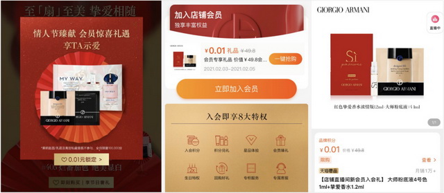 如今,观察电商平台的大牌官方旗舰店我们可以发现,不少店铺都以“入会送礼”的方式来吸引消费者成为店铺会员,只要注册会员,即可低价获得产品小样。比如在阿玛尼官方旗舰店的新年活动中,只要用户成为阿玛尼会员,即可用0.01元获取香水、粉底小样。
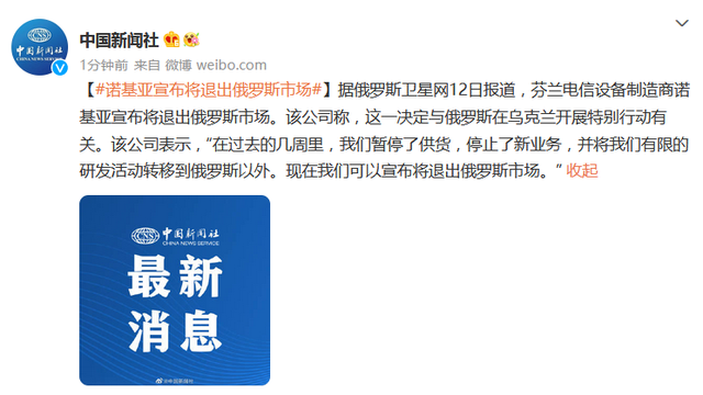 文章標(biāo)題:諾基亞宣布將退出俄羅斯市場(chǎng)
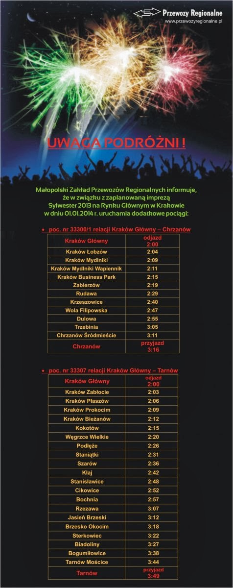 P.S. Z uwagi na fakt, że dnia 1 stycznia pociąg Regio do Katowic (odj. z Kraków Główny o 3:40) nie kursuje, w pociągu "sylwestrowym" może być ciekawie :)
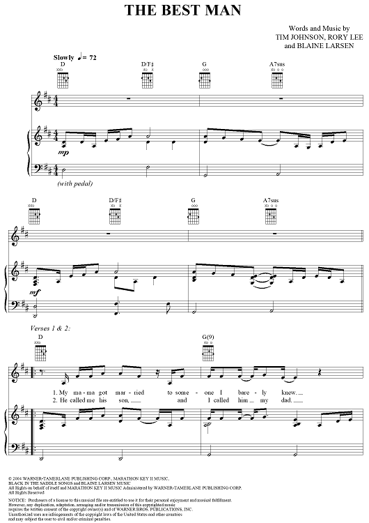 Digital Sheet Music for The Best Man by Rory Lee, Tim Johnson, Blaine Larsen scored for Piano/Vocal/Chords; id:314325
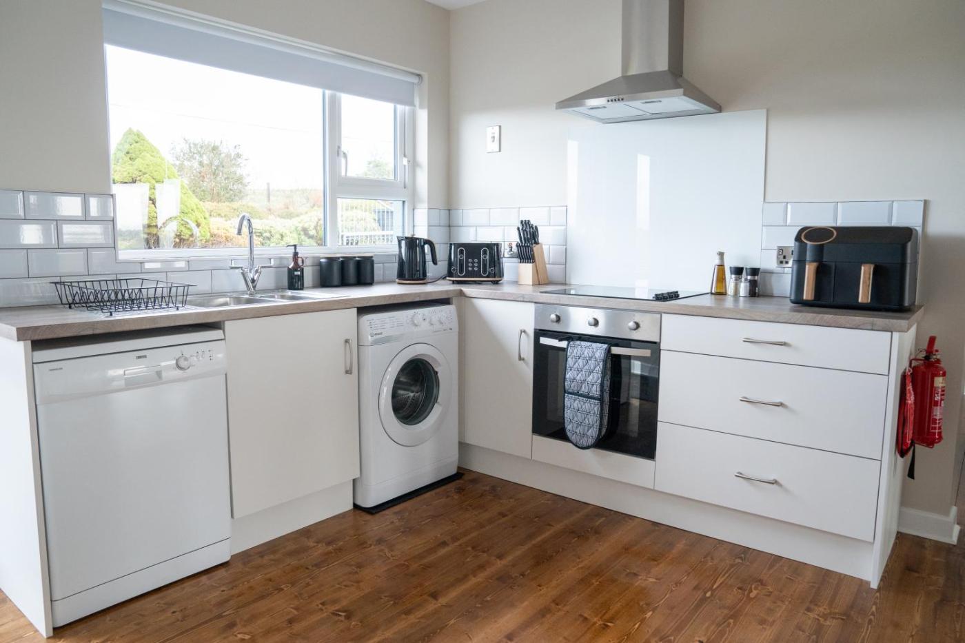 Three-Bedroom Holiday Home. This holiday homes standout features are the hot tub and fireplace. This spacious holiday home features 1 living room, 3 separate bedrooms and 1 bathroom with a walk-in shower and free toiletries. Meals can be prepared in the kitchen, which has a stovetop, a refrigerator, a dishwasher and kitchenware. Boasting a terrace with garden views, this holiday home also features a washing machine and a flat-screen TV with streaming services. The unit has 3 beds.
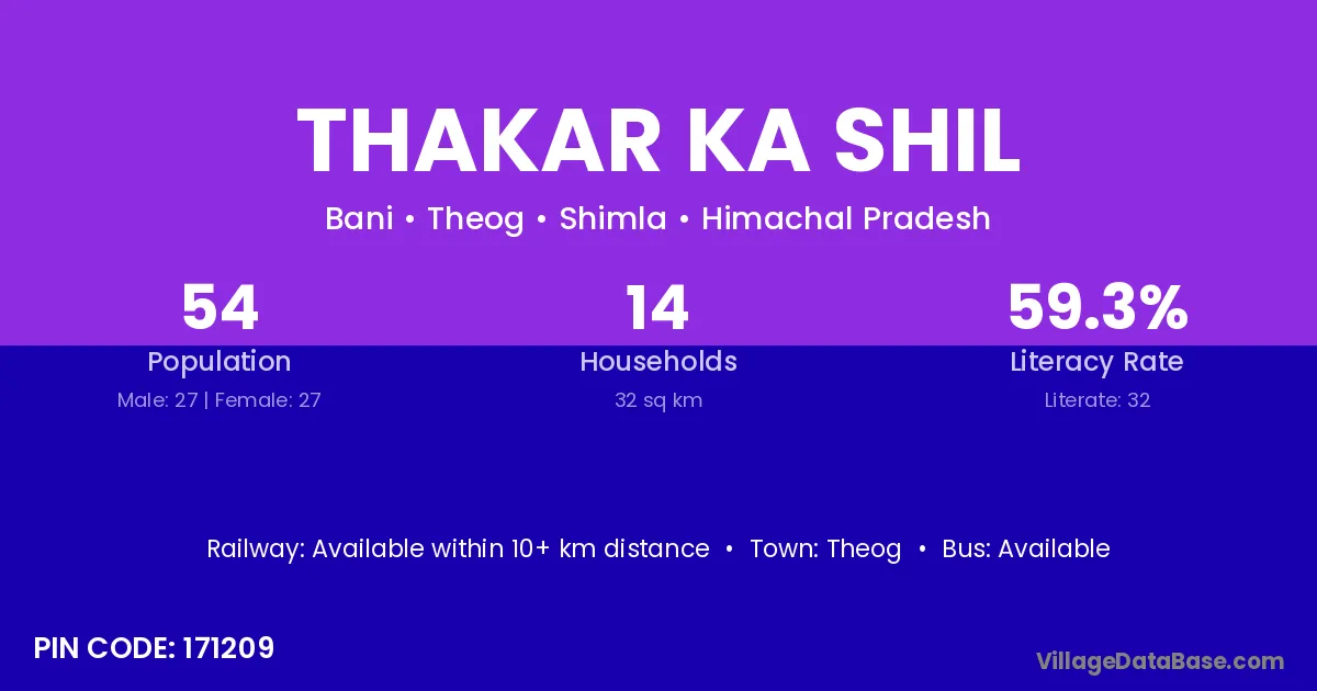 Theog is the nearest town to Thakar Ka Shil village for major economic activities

________________________

EXERCISE DETAILS
Your output should be the lines from the one with "Digital Sheet Music" through the end of the listing, copied exactly and with the pictures left out.

RESPONSE BELOW
 Digital Sheet Music for The Best Man by Rory Lee, Tim Johnson, Blaine Larsen scored for Piano/Vocal/Chords; id:314325
 Three-Bedroom Holiday Home. This holiday homes standout features are the hot tub and fireplace. This spacious holiday home features 1 living room, 3 separate bedrooms and 1 bathroom with a walk-in shower and free toiletries. Meals can be prepared in the kitchen, which has a stovetop, a refrigerator, a dishwasher and kitchenware. Boasting a terrace with garden views, this holiday home also features a washing machine and a flat-screen TV with streaming services. The unit has 3 beds.
 Theog is the nearest town to Thakar Ka Shil village for major economic activities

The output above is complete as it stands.